In the NBRF-PIR Protein Sequence Database sequences are numbered 
sequentially beginning with 1 at the amino end to the carboxyl end of 
the sequence. This numbering system is used by all the PIR software 
to specify subsequences or specific amino acids within the sequence. 
In the PDB, however, the numbering does not necessarily begin with 1, 
may contain negative values, may contain non-numerically coded 
insertions (i.e., 23A, 23B, etc.), and may not always follow 
consecutively. The numbering schemes in PDB entries are chosen by the 
depositors of the coordinate sets to highlight the correspondence 
between residues in homologous structures. To alleviate to some 
extent problems associated with these differing numbering systems, a 
transformation table has been constructed for each entry in the 
NRL_3D database. 

The MATCH and SCAN commands of the Protein Sequence Query (PSQ) 
Program (and the ATLAS program, also the PIR Web site has similar 
searching capabilities) interface the sequence data with the 
coordinate data. 

The PDB DATAPRTP files are not distributed by the PIR and the PIR 
does not distribute molecular graphics or modeling programs. These 
must be obtained from other sources. 

NOTE: Since 1988, VAX versions of the PDB have used the file-naming 
convention PDB'code'.ENT. Many computer facilities using the data 
had previously adopted a convention with file names of the form 
'code'.PDB. We would appreciate your comments on which convention 
you would prefer.
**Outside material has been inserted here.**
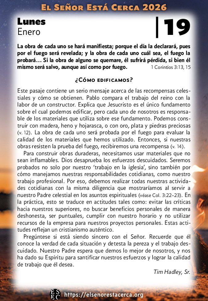 Para construir obras duraderas, necesitamos usar materiales que no sean inflamables. Dios desaprueba los esfuerzos descuidados. Seremos probados no solo por nuestro ‘trabajo en la iglesia’, sino también por cómo manejamos nuestras responsabilidades cotidianas, como nuestro trabajo profesional. Por eso, debemos realizar todas nuestras actividades cotidianas con la misma diligencia que mostraríamos al servir a nuestro Padre celestial en los asuntos espirituales (véase Col. 3:22–23). En la práctica, esto se traduce en actitudes tales como: evitar las críticas hacia nuestros superiores, no buscar beneficios personales de manera deshonesta, ser puntuales, cumplir con nuestro horario y no utilizar recursos de la empresa para nuestros proyectos personales. Estas actitudes reflejan un cristianismo auténtico.

We are sorry if this causes you any inconvenience.

References
----------

1. Abola, E.E., Bernstein, F.C., Bryant, S.H., Koetzle, T.F., and
   Weng, J. (1987) in Crystallographic Databases - Information
   Content, Software Systems, Scientific Applications, eds.,
   Allen, F.H., Bergerhoff, G., and Sievers, R., Data Commission
   of the Int'l Union of Crystallography, Bonn, Cambridge,
   Chester, pp. 107-132.

2. Namboodiri, K., Pattabiraman, N., Lowrey, A., and Gaber, B.P.
   (1988) Automated Protein Structure Data Bank Similarity
   Searches and Their Use in Molecular Modeling with MIDAS, J.
   Mol. Graphics 6, 211-212.

3. George, D.G., Barker, W.C., and Hunt, L.T. (1986) The Protein
   Identification Resource (PIR), Nucl. Acids Res. 14, 11-15.

4. Pattabiraman, N., Namboodiri, K., Lowrey, A., and Gaber, B.P.
   (1990) NRL_3D: a sequence-structure database derived from the
   protein data bank (PDB) and searchable within the PIR
   environment, Protein Sequences & Data Analysis 3, 387-405.